I would say that given the amount of limited resources we have had in the past, we’ve managed just fine. I don’t see the resources changing, and I don’t see my particular poll to be changing demographics any time soon. So yeah, please register to vote before the deadline. If you do, you will find that you can breeze through the lines and vote very quickly.
Not really. There are all types of responsibilities we have as citizens. Many of them have a deadline associated with them. For example, if I want to drive my car, I have to have up-to-date insurance, my car has to be registered, and the car needs to be inspected. All of those things have a date that proof must be acquired by. I don’t see why voting has to have special rules. You register to vote before the deadline in your area. Everyone has the same rules. So I honestly don’t see how a rule to have pre-registered to vote is disenfranchising anyone.
The proposed rules are technically about that, but the stated goal is to restrict students because they’re ‘young and foolish and vote liberal.’ You can pretty up the technicalities all you want, but it’s plain as day in the article: The reason this is being done is to keep kids from voting liberal.
But that’s not remotely discriminatory, they don’t want anybody to vote liberal!
No. Why? (Seriously - what reasons do Americans have? Other than the right-wing fear of “identification papers, please”? Which is rather silly given that SSN are used de-facto identifaction already, because it’s necessary to uniquly identifiy individuals in many databases with national comparisions; only with the disadvantage that the SSN is very insecure because it was not intended as national ID.)
You do know that comparisions like this make you sound like a right-wing idiot, don’t you?
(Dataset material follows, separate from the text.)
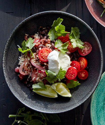 This recipe for Mexican Black Bean Bowl only takes 15 minutes of prep time and serves 4. Check it out below:

Because having a national ID independet from car license, secure to a national standard (not paper licenses like in some state), easily recognizable because of one national design (unlike the current state with 50 different designs, so people from Florida aren’t recognized as adults by store clerks in Maine etc.) IS NOT at all similar to having a dictatorship / police state like the Soviet Union. Really, I promise.
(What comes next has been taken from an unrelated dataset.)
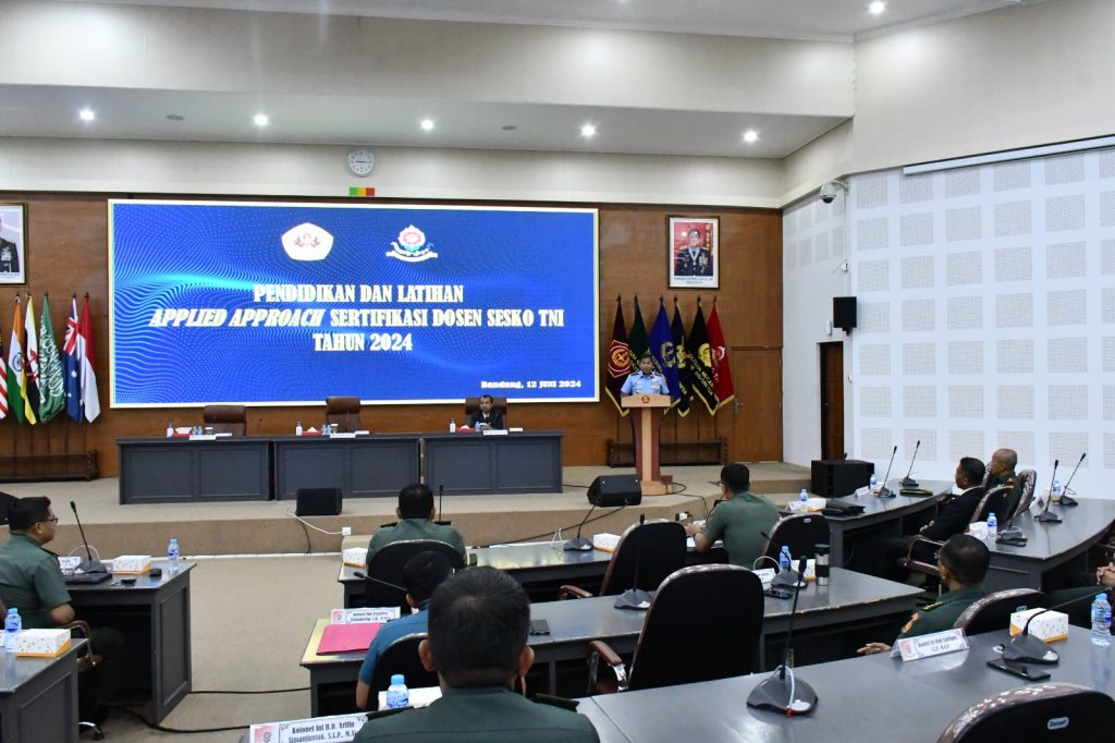 Bandung,- Komandan Sesko TNI Marsdya TNI Arif Widianto, S.A.B., M.Tr.(Han)., CHRMP., membuka acara Pendidikan dan Latihan Applied Approach (AA) Sertifikasi Dosen Sesko TNI TA. 2024 yang bekerjasama dengan Universitas Pasundan Bandung, bertempat di Kelas Besar Adibrata, Sesko TNI, Bandung, Rabu (12/6/2024).

You’ve had more freedoms taken away with the Patriot Act, holding suspects without lawyers on Gitmo, than you would loose with the establishment of a national ID.
You realize that any one of those college students could run to sit on the school board for the district where your child attends? Or the city council that runs your town? How does it not make sense? Do you not realize that a not small number of the students at that college do practicums and student teaching in the schools in your district and hope to be employed there one day, and probably know more about the administration of your local schools than the majority of citizens?
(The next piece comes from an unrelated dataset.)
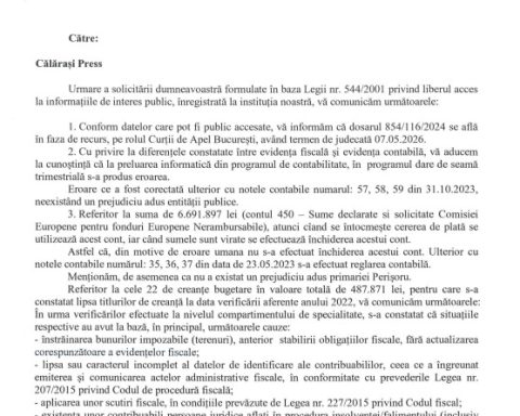 Un control al Curtea de Conturi a României la UATC Perișoru a scos la iveală o realitate greu de ignorat: taxe necalculate, diferențe mari în evidențe și milioane de lei trecute în acte fără să existe. După apariția acestor constatări, Primăria Perișoru

Poor people. Especially poor people without jobs, who don’t drive, have disabilities and/or don’t have bank accounts. That’s a lot of people. There are communities where the majority of adults do not have a current, valid ID. They may have had one at one time, but the cost of renewal and/or inaccessibility of renewal sites present a barrier to keeping them. Unless or until the cards for Medicaid, Medicare, TANF and SNAP start being issued with photographs and become legally accepted as a government-issued ID, you’re going to run into a lot of people who don’t have something that would be acceptable for voting.
If states are going to mandate that non-drivers must have the state-issued non-driver ID in order to vote, unless those cards are free, and the supporting documents required to get them (like birth certificates and marriage/divorce documentation of name changes) are also issued for free (which they aren’t, anywhere) then the requirement becomes tantamount to a poll tax. Even if the cost is only $10 or $15 for the new photo ID every four years, it’s still a requirement that people pay the state in order to exercise their right to vote.